We present an approach for constructing an RDF knowledge graph for Datasets. To build the knowledge graph, we use datasets registered in OpenAIRE and Wikidata. We identify all publications out of 146 million scientific publications which contain mentions of datasets, and establish links between the dataset and publication representations in the Microsoft Academic Knowledge Graph. As the author names of datasets can be ambiguous, we develop and evaluate a method for author name disambiguation and enrich the knowledge graph with links to ORCID. Overall, our knowledge graph contains 2,208 datasets with associated properties, as well as 813,551 links to scientific publications. It can be used for a variety of scenarios, facilitating advanced dataset search systems and new ways of measuring and awarding the provisioning of datasets. The constructed data set knowledge graph (DSKG) is provided with a SPARQL endpoint and resolvable URIs at http://dskg.org and is also available at Zenodo.

Schema of the DSKG

Schema of the DSKG

The repository provides all the scripts needed to create the knowledge graph semi-automatically. The following manuel explains how to create the knowledge graph.

Knowledge Graph Construction

We use the following database with metadata about datasets for the creation of the DSKG:

  1. OpenAIRE-Dataset: We consider a subset of the OpenAIRE Research Graph dump which contains metadata about datasets. The used dump is created with this code: https://github.com/michaelfaerber/OpenAIRE.
  2. Wikidata-Dataset: We use instances of the classes of Wikidata which represent datasets. The instances of the relevant classes and their properties can be accessed based on semantic querys via the publicly available Wikidata SPARQL endpoint.

Identify publications from the MAG which contain mentions of datasets

We use a string-based algorithm to detect mentions of datasets in papers. We use the files containing the paper abstracts and citation context of the MAG-dump for the matching. For dataset from OpenAIRE, we use the following metadata information to recognize dataset in the files: title, originalId and doi. For dataset from Wikidata, we use: itemLabel, altLabel, officialWebsite, workURL and url.

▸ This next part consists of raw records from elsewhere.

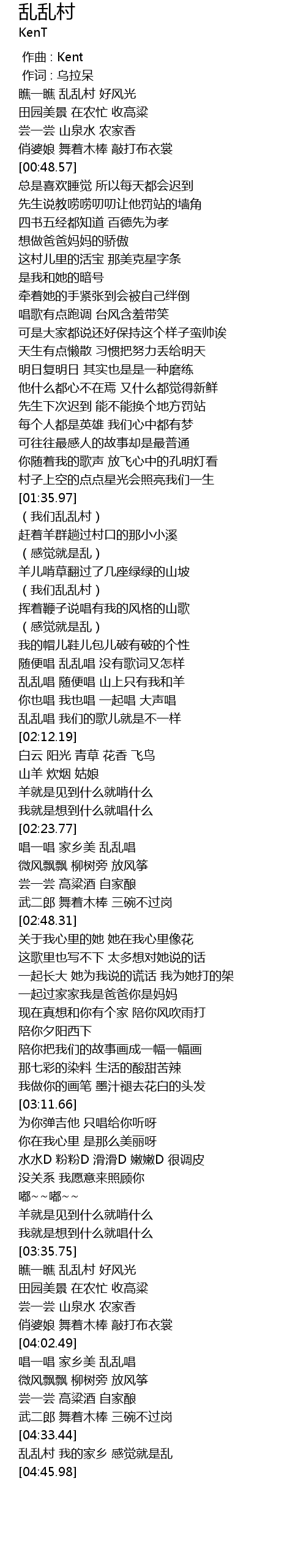 | [04:35.99] | 乱乱村 我的家乡 感觉就是乱 |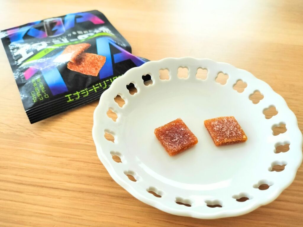 実際に食べてみると、噛むたびにじゅわっとエナジードリンク味が染み出てきて、1粒を最後までおいしくいただけました。噛むという口の運動が加わることで、ただエナジードリンクを飲むよりも気分転換やリフレッシュにつながりそうだなとも思いました。お昼休憩後のお仕事の前や、集中したいときなどにオススメです。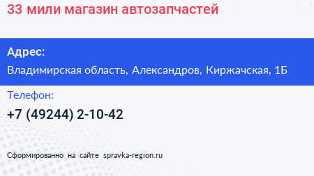 33 мили, магазин автозапчастей по адресу Владимирская область, Александров, Киржачская, 1Б в дальнейшем Организация, размещена в следующих категориях: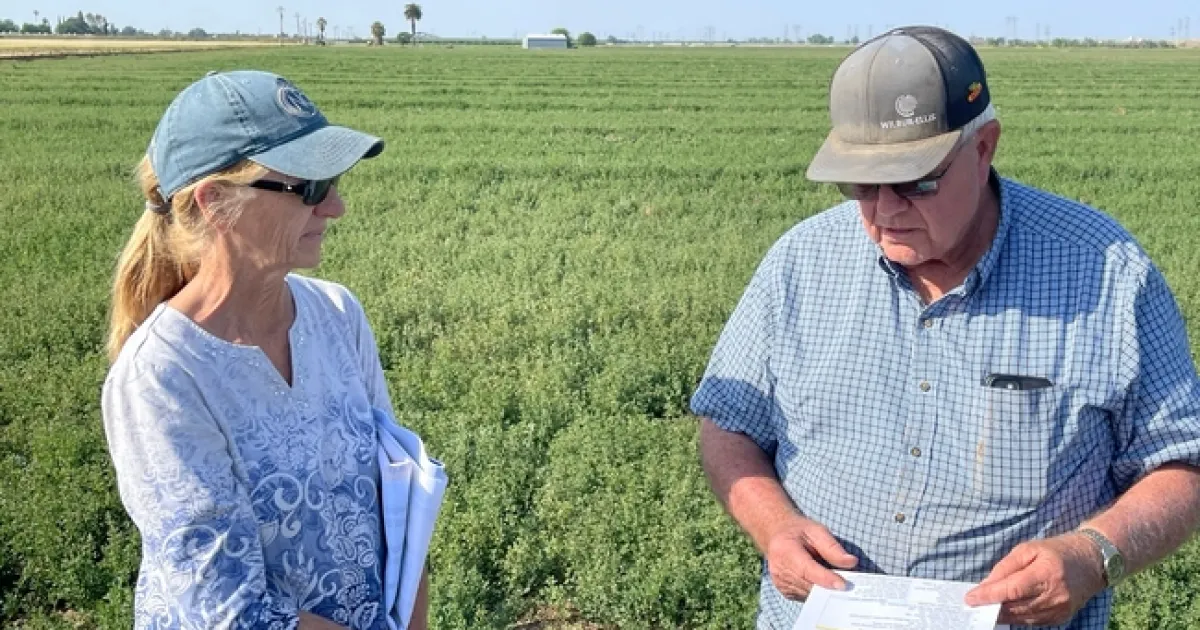 Figure 3. UCCE Advisor Rachael Long (left) and grower Ron Tadlock consult on one of his drought stressed fields in Yolo County, CA, April, 2022. The soil has become very dry. Since at least 3 weeks remain before the first harvest, he elected to water the field to provide water for the upcoming hot periods. It's important to 'fill the deep profile' for alfalfa on good soils to maximize early yields, and provide residual moisture for additional cuttings.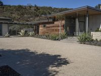 This is an image of a modern residential home in Los Angeles, California. The house is located in a suburban area, surrounded by trees and vegetation. The architecture of the home features a modern facade, with a roof and entrance door. The property is situated on a land lot, with a driveway and gravel surface leading up to the house. The open space and clear sky create a pleasant atmosphere. This photo represents a typical day in the residential areas of Los Angeles.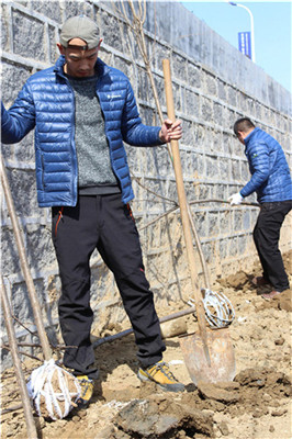 為保證活動的順利進行,全體人員共分為九組,并設置了專門的樹苗工具保管人和監(jiān)理人員。經(jīng)過三個多小時的勞動,植下單櫻、雙櫻和染井吉野櫻三個各類的苗木共計1200余棵。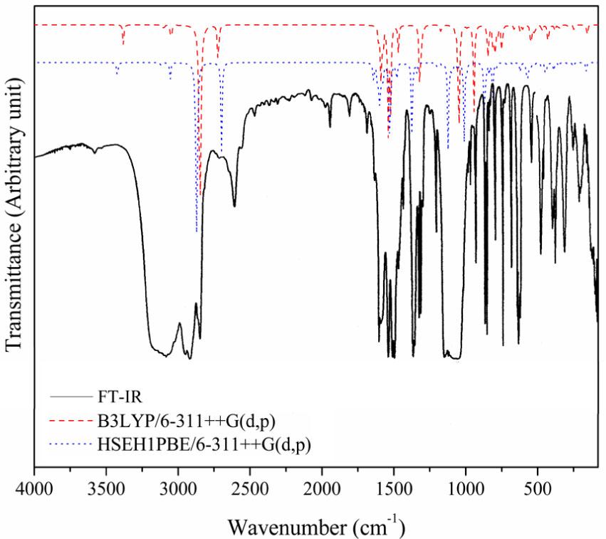 The nitro group vibration peaks of PNAPC complex were found as very close to that of simple nitro compounds [24] due to the presence of nitro group in free state. According to “internal modes” analysis, in-plane bending vibration of nitro group was found at 841 and 860 cm-1, with the relative contribution of 34 %. The out-of-plane vibrations were found at 744 and 788 cm-1 with the relative contribution of 51 %. The C–N stretching peak observed at 1203 cm-1 [8] is one of the most useful peaks for distinguishing individual nitro containing compounds, and this peak was found at 1174 and 1200 cm−1 for B3LYP and HSEH1PBE levels, respectively.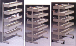 Bacs et tablettes média- Tablettes inclinées à 45° avec bacs détachables. Les bacs on six séparateurs permettant de placer divers média en rangées. Tablettes en acier 18 millièmes fixées à des agrafes en acier 14 millièmes. Les tablettes s'accrochent dans les fentes des colonnes de soutien et s'ajustent à différentes hauteurs aux 2.5 cm (1").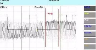 圖5:正常時發(fā)動機轉速傳感器信號輪后的14個齒對應1缸上止點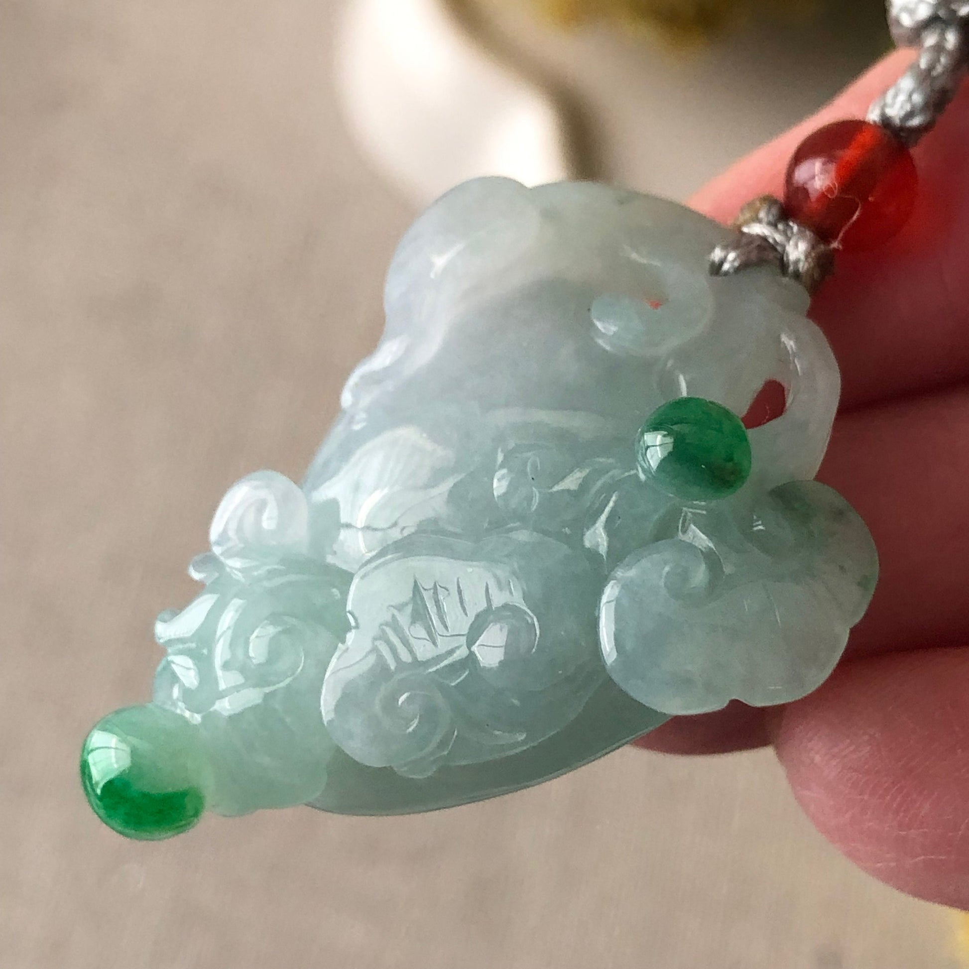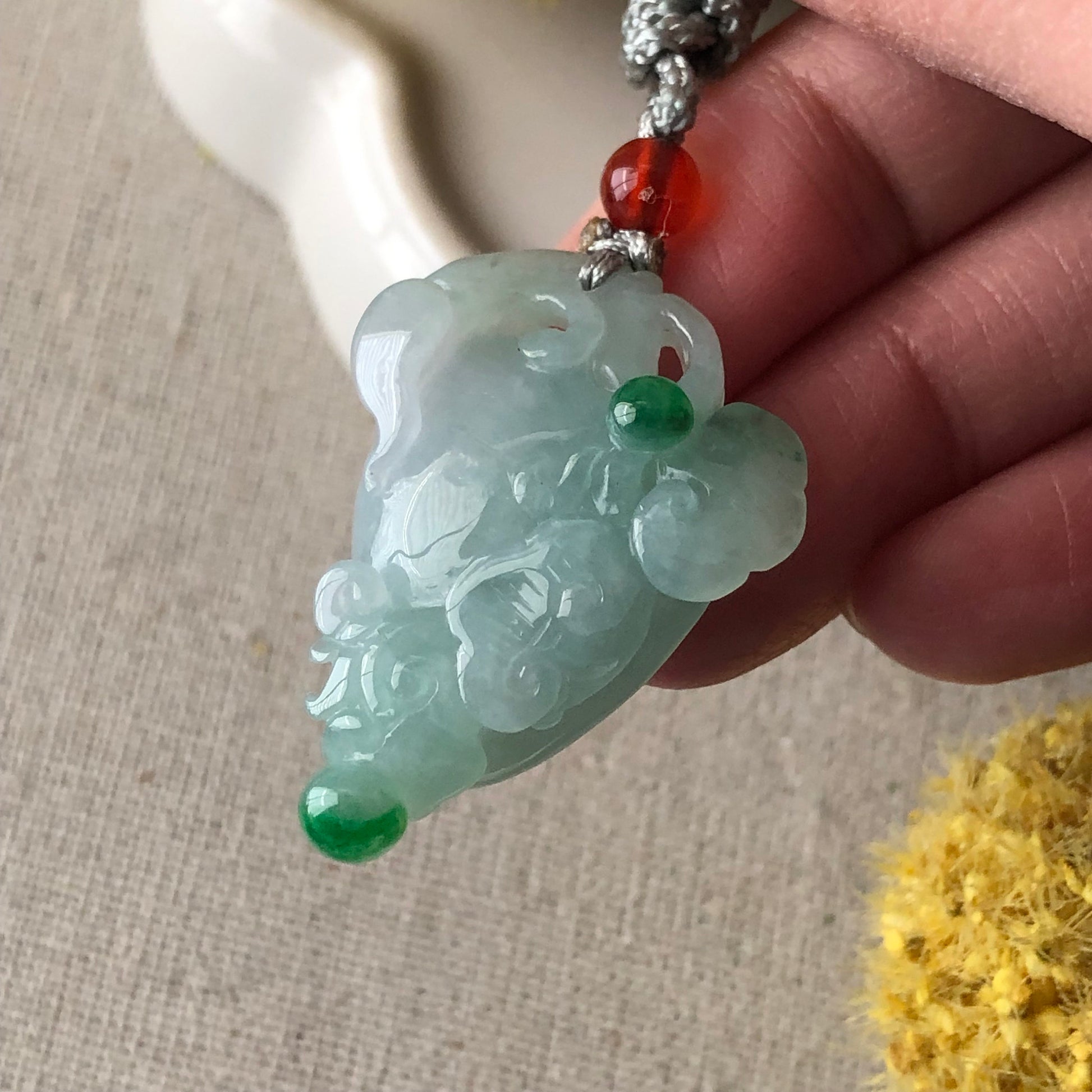 32mm Icy Greenish Jadeite Jade Carved Peach Ruyi Clouds Pendant Neck Rope Tie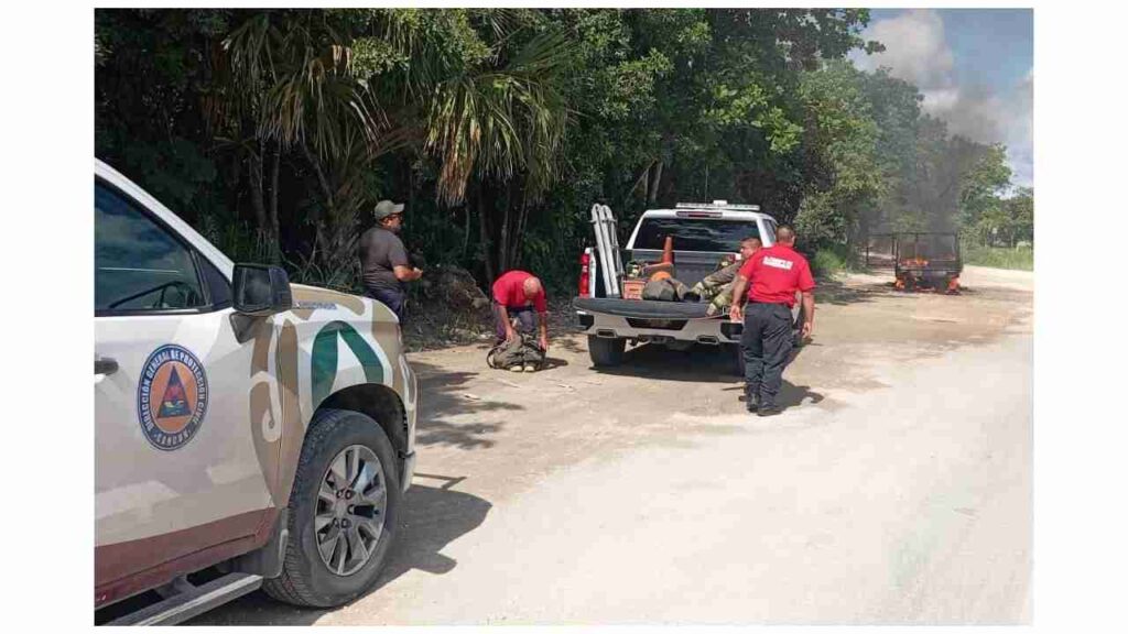 Asimismo, el incendio, que generó una columna de humo visible a varios metros de distancia, fue controlado de manera oportuna por elementos de Protección Civil y el Cuerpo de Bomberos de Cancún.

  1. The first step is to filter out the most frequently used English words for the match. The following Script calculates this not considered intersection: match_text_corpus.py.
  2. For then run the script for the matching. MAG dumps are used as input and the output are text files with the matches found: string_based_matching_MAKG.py.
  3. After that, the results are filtered using the created filter list to reduce false matches: filterwords_matching.py.
  4. The following script inserts the found matches into these initial datasets (csv-files) of the OpenAIRE and Wikidata dataset: MAKG_links_in_csv.py. In the following we will only use the metadata records for which at least one link could be found.

Transform tabular metadata to RDF and assign URIs for entities

We implemented the data transformation of the original metadata using SPARQL CONSTRUCT and SPARQL INSERT querys in Ontotext's GraphDB graph database.

  1. Clean up the OpenAIRE dataset (csv-file) entries and adapt the metadata entries of the size property to DCAT: preprocessing_OpenAIRE.py.
  2. Perfom the classification of the metadata entries for OpenAIRE and Wikidata according to DCAT: classification_resources.py.
  3. In GraphDB: Create beta version of the DSKG where the properties are mapped to DCAT but no URIs for the resources are assigned yet. The creation of the dskg-beta-version is realized with SPARQL CONSTRUCT and INSERT (SPARQL_CONSTRUCT_openAIRE_beta_version.txt and SPARQL_CONSTRUCT_wikidata_beta_version.txt) querys for the OpenAIRE and Wikidata dataset in tabular form (csv-files). For the further steps, the beta version of the dskg is compiled as a table form using a SPARQL SELECT query in GraphDB.
  4. Use the file PaperFieldsOfStudy.txt from the MAG-dump, the dskg-beta-version and the Jupyter Notebook fields_of_application.ipynb to determine the fields of applications of the datasets and add it to the dskg-beta-version.
  5. Perform the author disambiguation explained in the paragraph below.
  6. Assignment of unique URIs for the entities in the dskg-beta-version (uses the results of the performed author disambiguation): assign_uris_for_entities.py.
  7. Load the enriched information from the dskg-beta version into the classified OpenAIRE and Wikidata dataset for the final construction of the knowledge graph. Create csv-files from the dskg-beta-version for each classes of entities in the metadata: final_csv_files_transformation_dcat.ipynb.
  8. Load the generated csv-files into a GraphDB Repository and transform the table data into RDF using the SPARQl CONSTRUCT and SPARQl INSERT querys to construct the final DSKG.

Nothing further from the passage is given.